2011 College Football Preview: Breaking Down The SEC

Nick-SabanWelcome to the SEC, where football is either being played, spoken of, argued about or debated 365 days a year. Thanks for coming, and feel free to hand your coat to the receptionist at the door. She’ll also provide a lovely parting gift- likely a BCS National Championship trophy- upon your departure.

Ok, so yes, that was a bit of a grandiose entrance, but then again, this is a bit of a grandiose league. It’s a place where the stadiums are bigger, the facilities are shinier, the coaches are brasher, the message board threads are angrier and the fans are louder than anywhere else in college football. And oh, by the way, it’s also where the football is better too. In case you haven’t heard, it’s been a grand total of 1,688 days since anyone other than an SEC team could call themselves college football’s champions. For those of you scoring at home, that’s five straight titles and counting.

And above all, that’s this conference’s biggest storyline entering 2011: Can they get to No. 6? And if so, who will be?

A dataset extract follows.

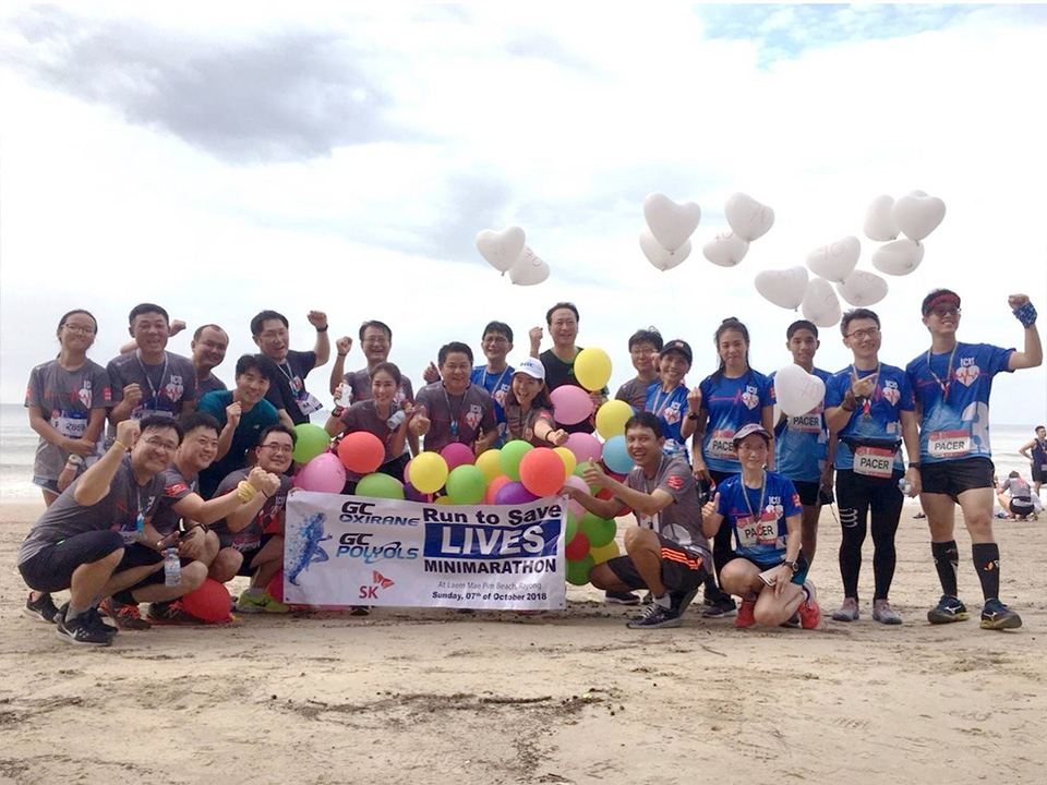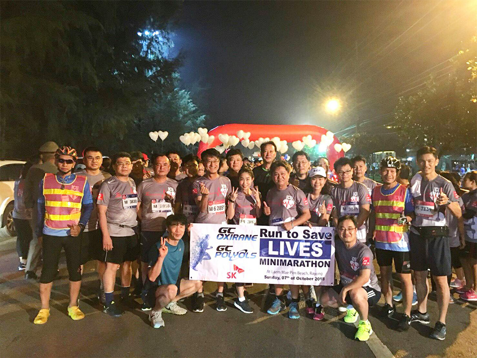 GC Polyols Company Limited (GCP), in collaboration with GC Oxirane Company Limited (GCO), GCP's feedstock provider, and SK Engineering & Construction Company Limited (SK E&C), GCP’s EPC contractor, joined the charity run to save lives minimarathon 2018 at Laem Mae Phim beach, Klaeng district, Rayong. This campaign was held with the aim of raising fund to renovate the Intensive Care Unit (ICU) and purchasing the emergency medical equipment for 3 hospitals in Rayong – Klaeng, Wang Chan and Khao Chamao.

So go ahead and forget all the other ancillary stuff. Forget LSU’s bar fight; Alabama’s suit controversy; Texas A&M trying to crash the party; Georgia’s running back concerns; Florida’s new coaching staff; Vanderbilt’s recent recruiting prowess; Derek Dooley’s hair; Stephen Garcia’s blood-alcohol level; Danny Sheridan’s never-ending pursuit of Cam Newton; or Knile Davis’ knee injury. Those are all just subplots in the three-ring circus that is daily life in the SEC.

Six, the number six, is all that matters here.

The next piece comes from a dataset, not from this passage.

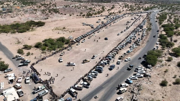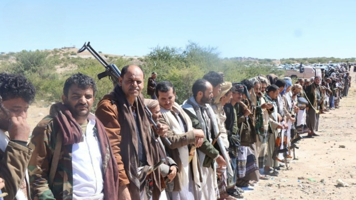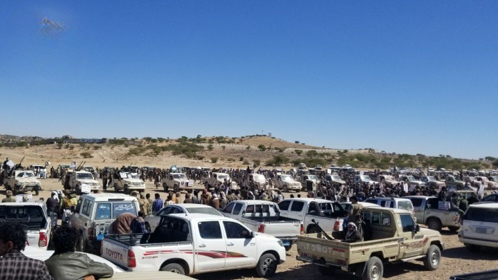 وجاء إعلان النفير خلال وقفة قبلية مسلحة شارك فيها محافظ البيضاء عبدالله إدريس ووكلاء المحافظة وعدد من القيادات العسكرية والأمنية، حيث أكدت القبائل استمرار التعبئة والاستعداد لأي جولة قادمة من الصراع، والتزامها بالدفاع عن الوطن ودعم القضية الفلسطينية.

Best Quarterback: John Brantley… kidding. I’ll go ahead and say Georgia’s Aaron Murray. Those 3,049 yards and 14 touchdowns that he threw for as a redshirt freshman don’t lie. Neither do the 273 yards and three scores he put up against Auburn, in a closer-than-you-remember loss on the Plains. Simply put, there wasn’t a single guy in college football last year, regardless of position, that got better from September 1 to December 1 than Murray did.

Murray will be improved this year, there’s little doubt about that. But now, here comes the bigger question: Without A.J. Green, is there enough skill-position talent (not to mention solid line play in front of him), for Murray’s talent to translate into wins?

Best Running Back: Alabama’s Trent Richardson might be the better pure football player, but the most important running back in this league is no doubt South Carolina’s Marcus Lattimore. As we saw last year, when Lattimore was healthy and running at full strength, the Gamecocks could literally beat anyone. He carried them on his back in an early win over Georgia (182 yards), and was one of the keys against Alabama, when he rushed for 93 yards and two touchdowns in an upset of the No. 1 team in the country at the time.

Of course just as easily as the Gamecocks could beat anyone with a healthy Lattimore, they could lose to anyone if he was slowed by injuries. The Kentucky game stands out in specific. In it, the Gamecocks had jumped out to a 28-10 lead early in the third quarter, before Lattimore went down with an ankle injury. From there, South Carolina was outscored 21-0, in a shocking 31-28 final that almost cost them the East title.

If Lattimore can stay healthy this season, there isn’t a game that South Carolina can’t win. But staying healthy is a big “if.”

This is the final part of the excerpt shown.